> [THE PROBLEM] Print all of the data below exactly as it appears, leaving out every image.

> [SUPPLIED DATA]
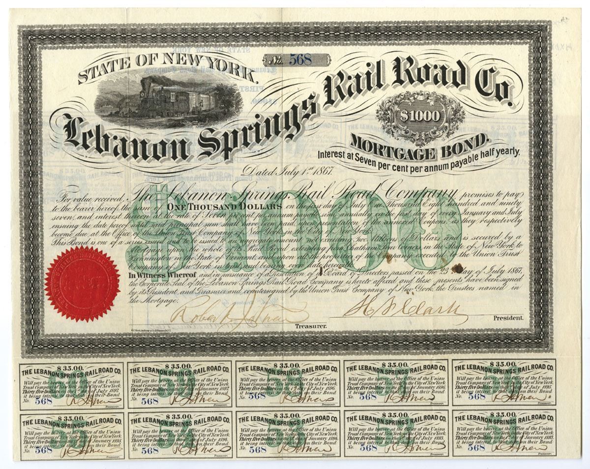 New York, 1867. $1000 I/U 7% Mortgage Coupon Bond, Black text with black border and green underprint, Train passing through countryside at top left corner. Fine-VF condition. Signed by Horace F. Clark as president. Horace Francis Clark (November 29, 1815 – June 19, 1873) was a railroad executive and U.S. Representative from New York. He also married Cornelius Vanderbilt's daughter, Maria Louisa Vanderbilt.
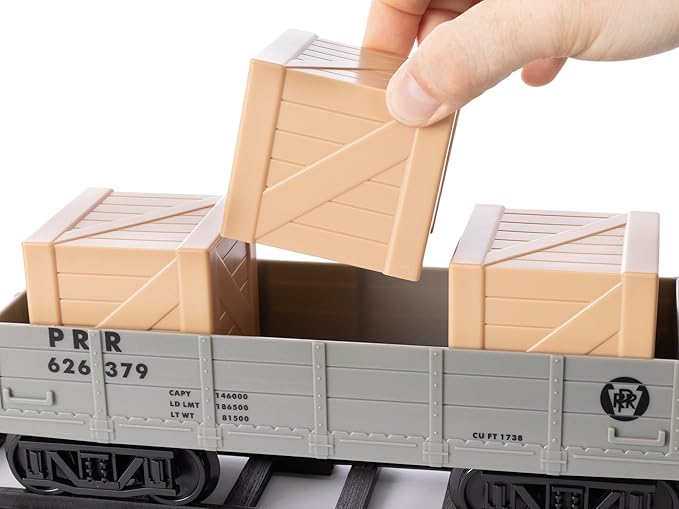 - FEATURES: Battery-powered Locomotive / Working headlight / Engine cab light / Water-Vapor Smoke Effects / Removable crate load in Gondola / Fixed knuckle couplers / Authentic train sounds including announcements, bell, and whistle
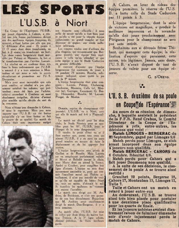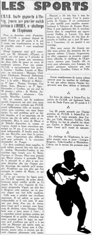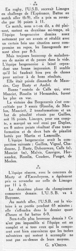 1957.1958 Limoges au Stade Gaston Simounet Bergerac Challenge de L’Espérance Victoire 16 à 11
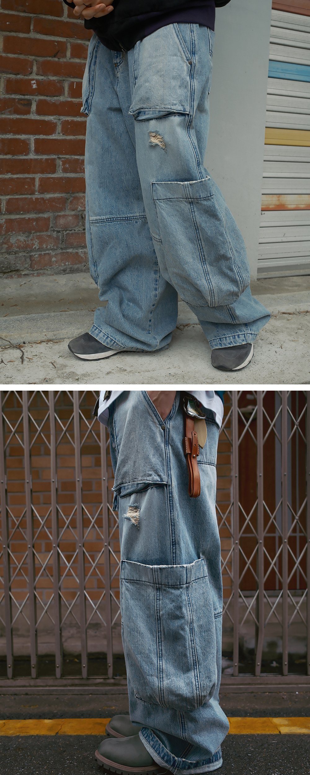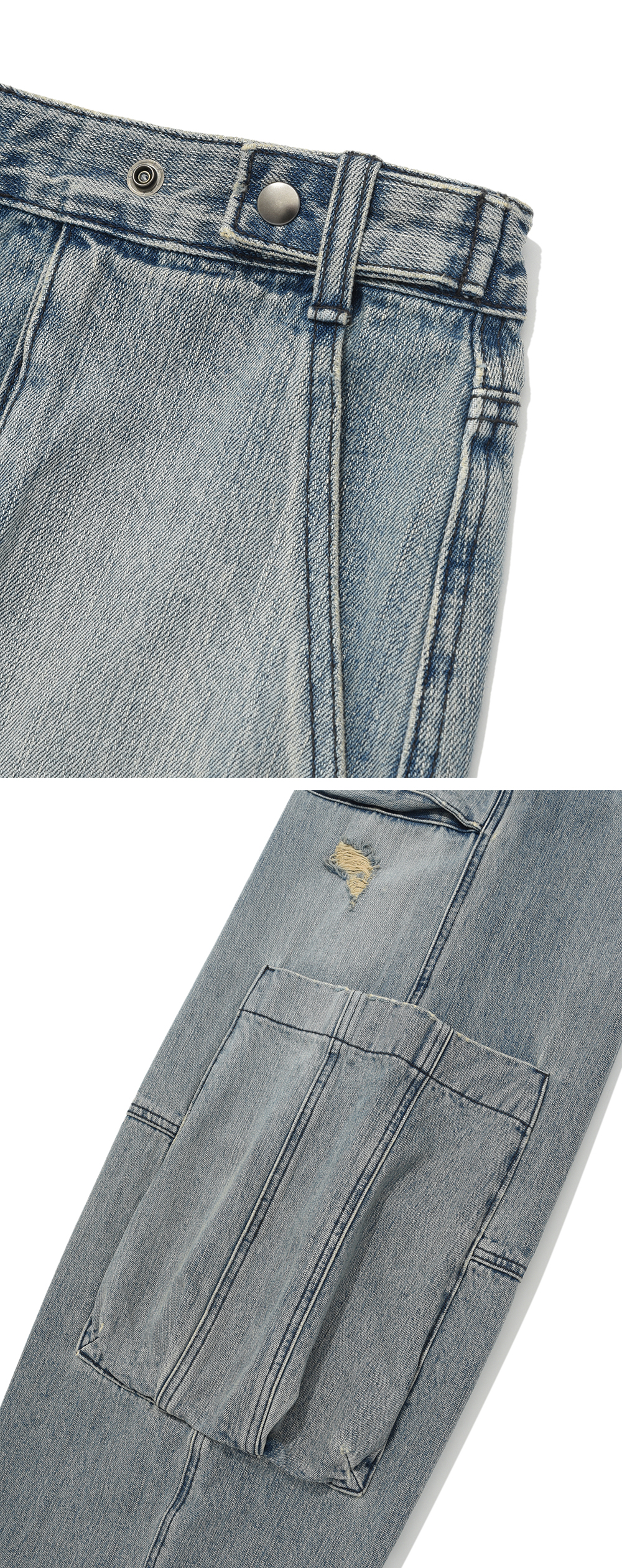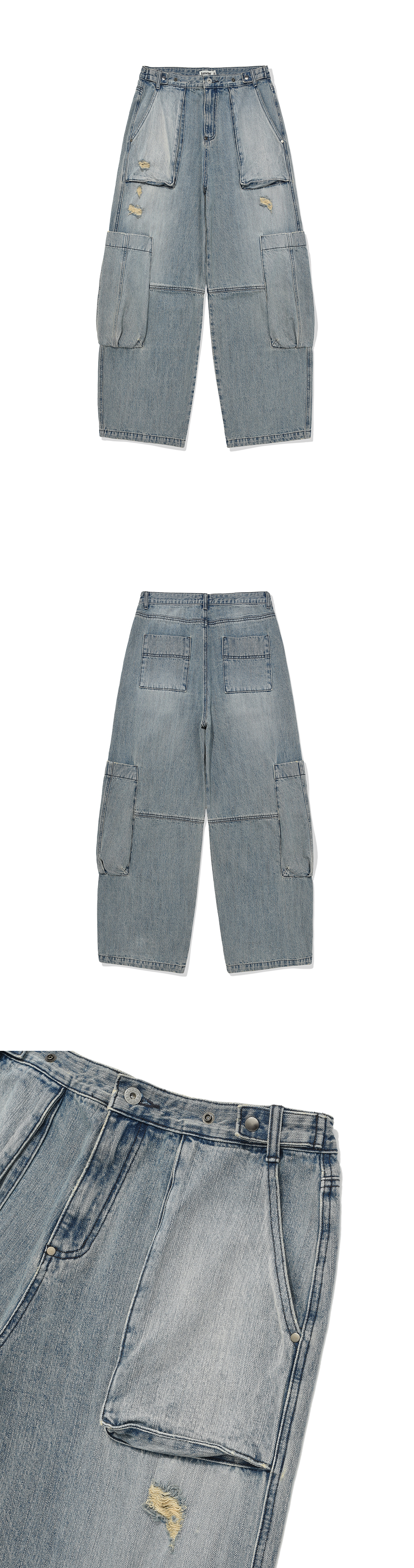 Product Info. - 계절감 영향이 없는 12.5oz 적당한 두께감과 겉면 러프한 슬라브 텍스처의 고품질 데님 원단 - 패턴 변형으로 유니크하게 떨어지는 와이드 한 실루엣의 테이퍼드 핏 - 복합 워싱 가공으로 소프트한 스킨십과 빈티지하고 아이시한 컬러감 구현 - '퍼티그 팬츠'를 베이스로 재구성한 입체적인 형태의 상단 포켓 구조 - 양 사이드 볼드 한 형태의 입체 빅 카고 포켓 - 전/후면 무릎 부 직선 절개 디테일 - 허리 사이즈 조절 가능한 전면 버튼 어드저스터 디테일

> [TASK RESPONSE]
 New York, 1867. $1000 I/U 7% Mortgage Coupon Bond, Black text with black border and green underprint, Train passing through countryside at top left corner. Fine-VF condition. Signed by Horace F. Clark as president. Horace Francis Clark (November 29, 1815 – June 19, 1873) was a railroad executive and U.S. Representative from New York. He also married Cornelius Vanderbilt's daughter, Maria Louisa Vanderbilt.
 - FEATURES: Battery-powered Locomotive / Working headlight / Engine cab light / Water-Vapor Smoke Effects / Removable crate load in Gondola / Fixed knuckle couplers / Authentic train sounds including announcements, bell, and whistle
 1957.1958 Limoges au Stade Gaston Simounet Bergerac Challenge de L’Espérance Victoire 16 à 11
 Product Info. - 계절감 영향이 없는 12.5oz 적당한 두께감과 겉면 러프한 슬라브 텍스처의 고품질 데님 원단 - 패턴 변형으로 유니크하게 떨어지는 와이드 한 실루엣의 테이퍼드 핏 - 복합 워싱 가공으로 소프트한 스킨십과 빈티지하고 아이시한 컬러감 구현 - '퍼티그 팬츠'를 베이스로 재구성한 입체적인 형태의 상단 포켓 구조 - 양 사이드 볼드 한 형태의 입체 빅 카고 포켓 - 전/후면 무릎 부 직선 절개 디테일 - 허리 사이즈 조절 가능한 전면 버튼 어드저스터 디테일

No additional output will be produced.